START Provided data
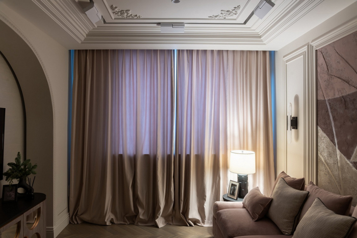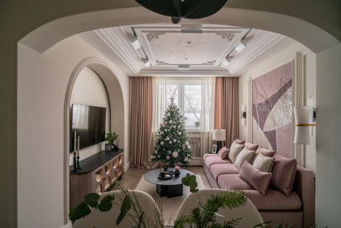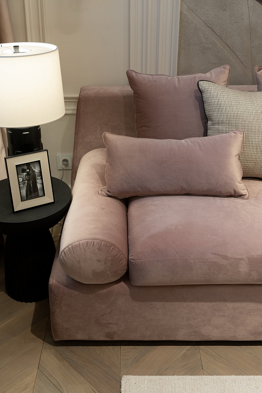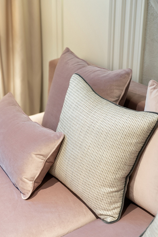 Для обивки дивана был выбран невероятно тактильный бархат Zephir с высокой износостойкостью 50 000 циклов по тесту Мартиндейла. Сложный пудровый оттенок задал основной тон настроению пространства.
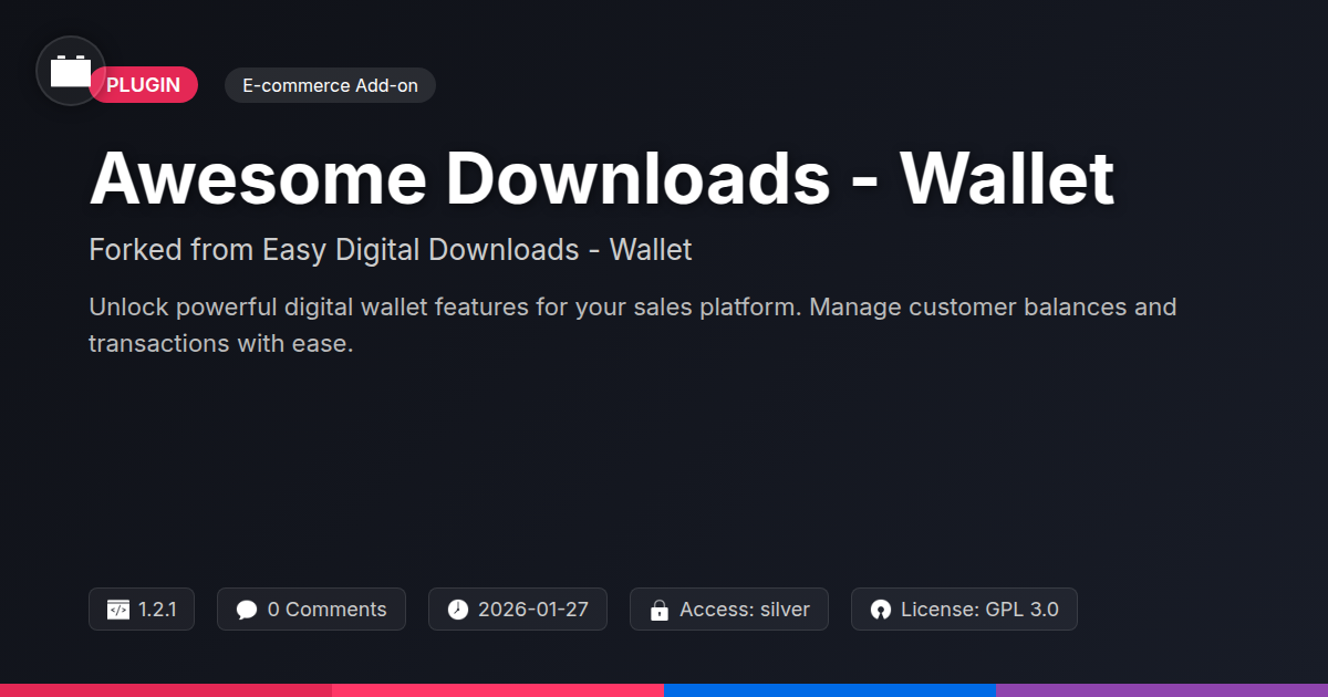 GrootMade is NOT affiliated with Easy Digital Downloads - Wallet or its original author. Easy Digital Downloads - Wallet™ is a trademark of its respective owner and use of it does not imply any endorsement or affiliation. This product has been forked under the GNU General Public License (GPL) and all non-GPL assets (such as proprietary images, fonts, and branding) have been removed. Distributing GPL-licensed code is 100% legal.
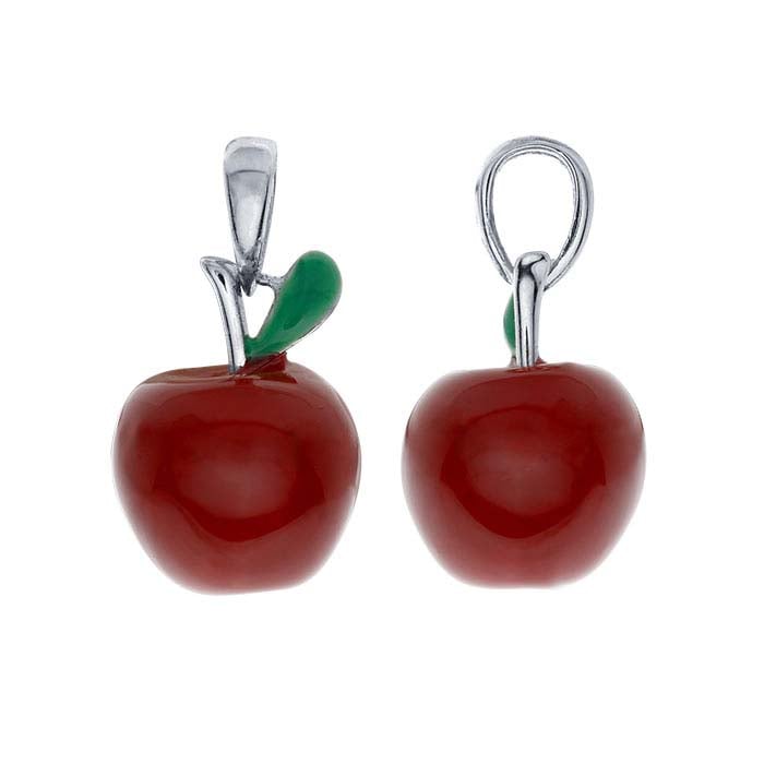 This sterling silver charm features a 3D red enameled heart design complete with a green leaf. The charm makes a great addition to a bracelet or themed design and works well as a simple drop for earrings. A rhodium plating ensures a durable, tarnish-resistant finish. This charm includes a tapered bail.
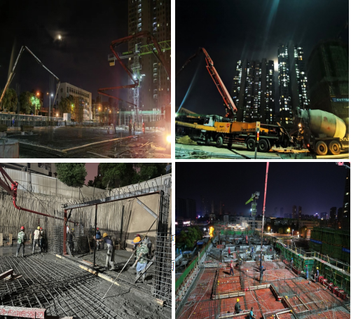 為完成各項(xiàng)節(jié)點(diǎn)計(jì)劃,項(xiàng)目管理人員帶領(lǐng)各勞務(wù)班組“搶晴天、戰(zhàn)雨天,牛毛細(xì)雨當(dāng)好天”,搶抓工期,比拼進(jìn)度;進(jìn)入夏季以來(lái),持續(xù)高溫,市氣象部門接連多次發(fā)布橙色預(yù)警,戶外溫度常達(dá)40度以上,為確保工人作業(yè)安全,項(xiàng)目部及時(shí)調(diào)整施工作業(yè)時(shí)間,在確保施工安全的前提下,采取“干兩頭、歇中間”的施工措施,組織班組加班加點(diǎn)分批交叉作業(yè),呈現(xiàn)出“月亮底下當(dāng)白天,不給黑夜留時(shí)間”的大干火熱場(chǎng)面。同時(shí)項(xiàng)目部每日在高溫時(shí)段為現(xiàn)場(chǎng)施工人員送去防暑藥品和降溫飲品,防止意外發(fā)生。隨著最近氣溫逐漸轉(zhuǎn)涼,整個(gè)施工現(xiàn)場(chǎng)挖機(jī)聲、機(jī)械聲、泵送聲相互交織;夜色下施工現(xiàn)場(chǎng)燈光如晝,人頭躦動(dòng);渣土車、混凝土罐車川流不息往返穿梭,現(xiàn)場(chǎng)各個(gè)工作面的施工人員都卯足勁往前沖。
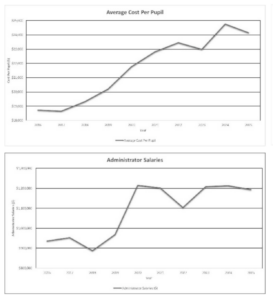 Here are Exeter’s charts showing the annual change in average per pupil spending and total administrator pay over the last decade. It’s easy to see how these basic graphics can stimulate productive conversations about local spending priorities and their tax impacts.
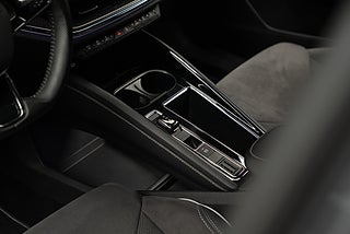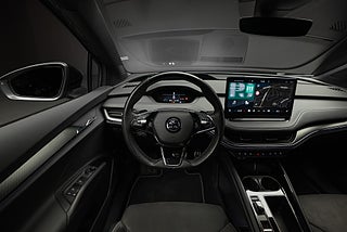 Skoda Enyaq iV 80 Sportline lackerad i Graphite Grey Metallic med sportstolar i alcantara/läderklädsel.
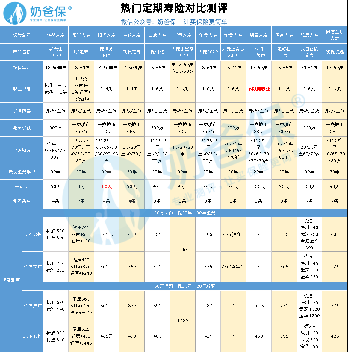 基于上述寿险的评判维度,奶爸挑选了8款市面热门的定期寿险产品,进行对比分析:
END Provided data
Your objective: Only one thing is wanted here, an exact copy of the lines from the first line above through the line containing "This sterling silver", minus any picture.

Exercise solution:
 Для обивки дивана был выбран невероятно тактильный бархат Zephir с высокой износостойкостью 50 000 циклов по тесту Мартиндейла. Сложный пудровый оттенок задал основной тон настроению пространства.
 GrootMade is NOT affiliated with Easy Digital Downloads - Wallet or its original author. Easy Digital Downloads - Wallet™ is a trademark of its respective owner and use of it does not imply any endorsement or affiliation. This product has been forked under the GNU General Public License (GPL) and all non-GPL assets (such as proprietary images, fonts, and branding) have been removed. Distributing GPL-licensed code is 100% legal.
 This sterling silver charm features a 3D red enameled heart design complete with a green leaf. The charm makes a great addition to a bracelet or themed design and works well as a simple drop for earrings. A rhodium plating ensures a durable, tarnish-resistant finish. This charm includes a tapered bail.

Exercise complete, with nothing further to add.